REQUIRED ACTION:
Repeat all the records exactly, omitting pictures.
○ ○ ○ ○
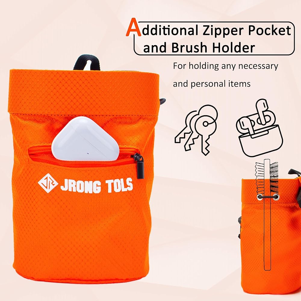 ✔ Spacious Capacity - The opening of cylindrical chalk bag height 19CM, diameter 12CM, wide enough to allow your hand reach in and out to grab the chalk ball without dust overflow scattered; a practical horizontal zippered pocket with a firm metal zipper puller on the front side, enable to store the essential items with you.
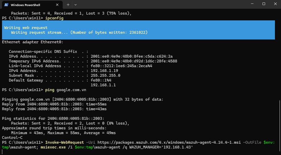 • Cài đặt Wazuh Agent trên endpoint.
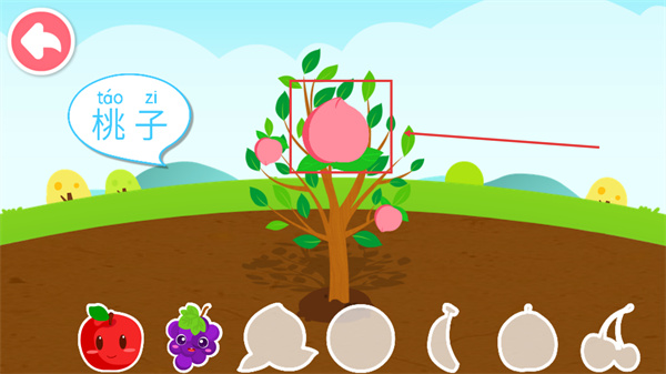 3、根据左侧蓝色对话框的【táo-zi-桃子】拼音和汉字提示,找到并采摘【桃子】。
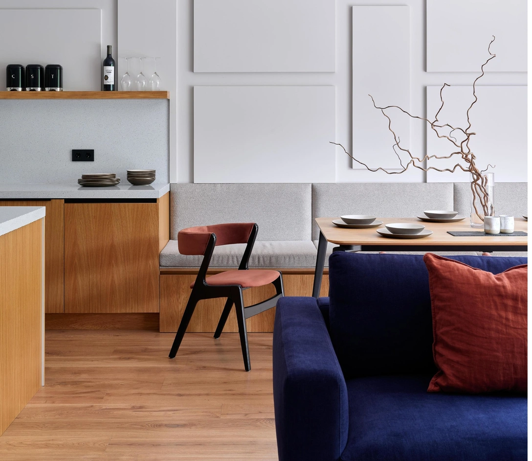 В кухне-гостиной, где вечером собирается семья, где обсуждаются все планы и события, где происходят встречи с друзьями самым интересным предметом стал диванчик в обеденной зоне.
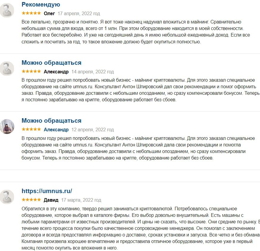 Umnus: отзывы об операторе промышленного майнинга
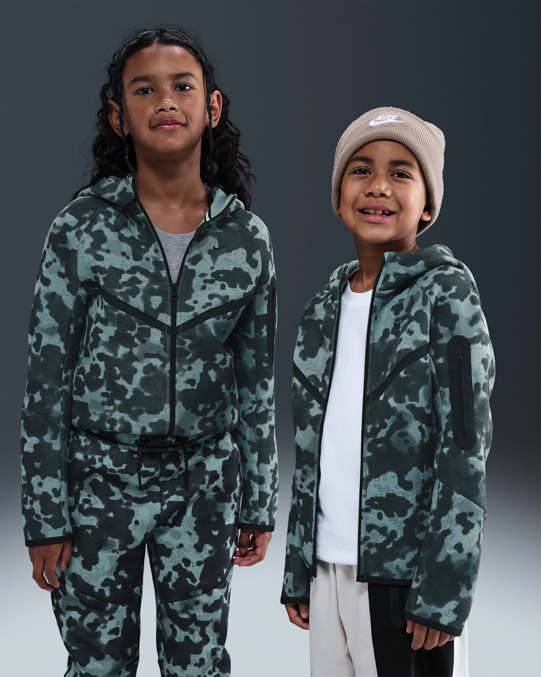 Hanorac Nike Tech Older Kids’ (Boys’) Full-Zip Camo Fleece Hoodie (HQ8891-017)
○ ○ ○ ○
SOLUTION TO THIS TASK:
 ✔ Spacious Capacity - The opening of cylindrical chalk bag height 19CM, diameter 12CM, wide enough to allow your hand reach in and out to grab the chalk ball without dust overflow scattered; a practical horizontal zippered pocket with a firm metal zipper puller on the front side, enable to store the essential items with you.
 • Cài đặt Wazuh Agent trên endpoint.
 3、根据左侧蓝色对话框的【táo-zi-桃子】拼音和汉字提示,找到并采摘【桃子】。
 В кухне-гостиной, где вечером собирается семья, где обсуждаются все планы и события, где происходят встречи с друзьями самым интересным предметом стал диванчик в обеденной зоне.
 Umnus: отзывы об операторе промышленного майнинга
 Hanorac Nike Tech Older Kids’ (Boys’) Full-Zip Camo Fleece Hoodie (HQ8891-017)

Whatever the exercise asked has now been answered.